The next few sections discuss some of the basic OAIS definitions and concepts.

1 Preserve What, for How Long and for Whom?

The “O” in OAIS stands  for “Open” but refers to the open way the standard was developed rather than anything to do with open-access. Indeed the OAIS Reference Model can apply to any type of archive whether open access, closed, restricted, “dark” or proprietary.

OAIS takes a very general definition of its prime concern which, as the “I” in OAIS suggests, is information:

Information: Any type of knowledge that can be exchanged. In an exchange, it is represented by data. An example is a string of bits (the data) accompanied by a description of how to interpret the string of bits as numbers representing temperature observations measured in degrees Celsius.

Note that Knowledge is not defined in OAIS .

The accompanying definition of data is equally broad:

Data: A reinterpretable representation of information in a formalized manner suitable for communication, interpretation, or processing. Examples of data include a sequence of bits, a table of numbers, the characters on a page, the recording of sounds made by a person speaking, or a moon rock specimen.

And in the case of things digital:

Digital Object : An object composed of a set of bit sequences.

Note that this does not mean we are restricted to a single file. The definition includes multiple, perhaps distributed, files, or indeed a set of network messages.

The restriction to “bits” i.e. consisting of “1” and “0”, means that if we move to trinary (i.e. “0”, “1” and “2”) instead of binary then we would have to change this definition, but it would not affect the concept – however it would change the tools we could use.

One might wonder why data includes physical objects such as a “moon rock specimen”. The answer should become clear later but in essence the answer is that to provide a logically complete solution to digital preservation one needs, eventually, to jump outside the digital, if only, for example, to read the label on the disk.
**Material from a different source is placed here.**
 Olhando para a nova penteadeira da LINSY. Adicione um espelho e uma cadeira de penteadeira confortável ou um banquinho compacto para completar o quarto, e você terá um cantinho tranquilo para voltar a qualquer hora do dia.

As to the question of length of time we need to be concerned about, OAIS provides the following pair of definitions (the text in bold italics below is taken from OAIS):

Long Term: A period of time long enough for there to be concern about the impacts of changing technologies, including support for new media and data formats, and of a changing Designated Community , on the information being held in an OAIS . This period extends into the indefinite future.

Long Term Preservation : The act of maintaining information Independently Understandable , by a Designated Community , and with evidence supporting its Authenticity , over the Long Term.
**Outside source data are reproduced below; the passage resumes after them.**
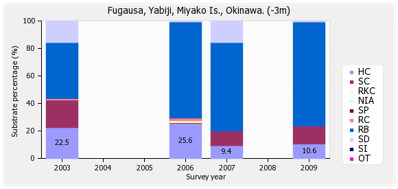 リーフチェック 宮古島 八重干瀬3 フガウサ (沖縄県) 底質分類の経年変化
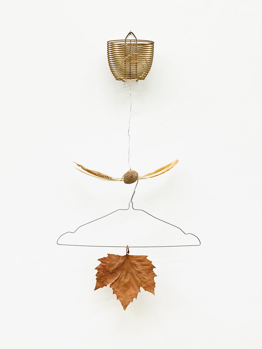 Lois Weinberger, Idee eines Gartens, 1979/1997/2019, Metallkorb, Wirbelsäule einer Schlange, Draht, Kartoffel, Hühnerfedern, Kleiderbügel, Ahornblatt, Höhe: 95 × 41,5 cm, Belvedere, Wien, Inv.-Nr. 11963
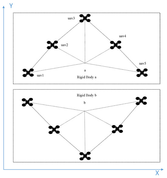 Figure 4. The target points of UAVs after the overall movement of the formation are calculated using the virtual structure method, with the formula as follows:
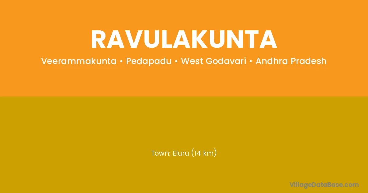 Eluru (14 km) is the nearest town to Ravulakunta village for major economic activities and is located approximately 14 km away.

In other words we are not only talking about decades into the future but, as is a common experience, we need to be concerned with the rapid change of hardware and software, the cycle time of which may be just a few years. Of course even if an archive is not itself looking after the digital objects over the long term, even by that definition, the intention may be for another archive to take over later. In this case the first archive needs to capture all the “metadata ” needed so that it can hand these on also.

Three key concepts are embedded in the above definition namely:

Authenticity : The degree to which a person (or system) may regard an object as what it is purported to be. The degree of Authenticity is judged on the basis of evidence .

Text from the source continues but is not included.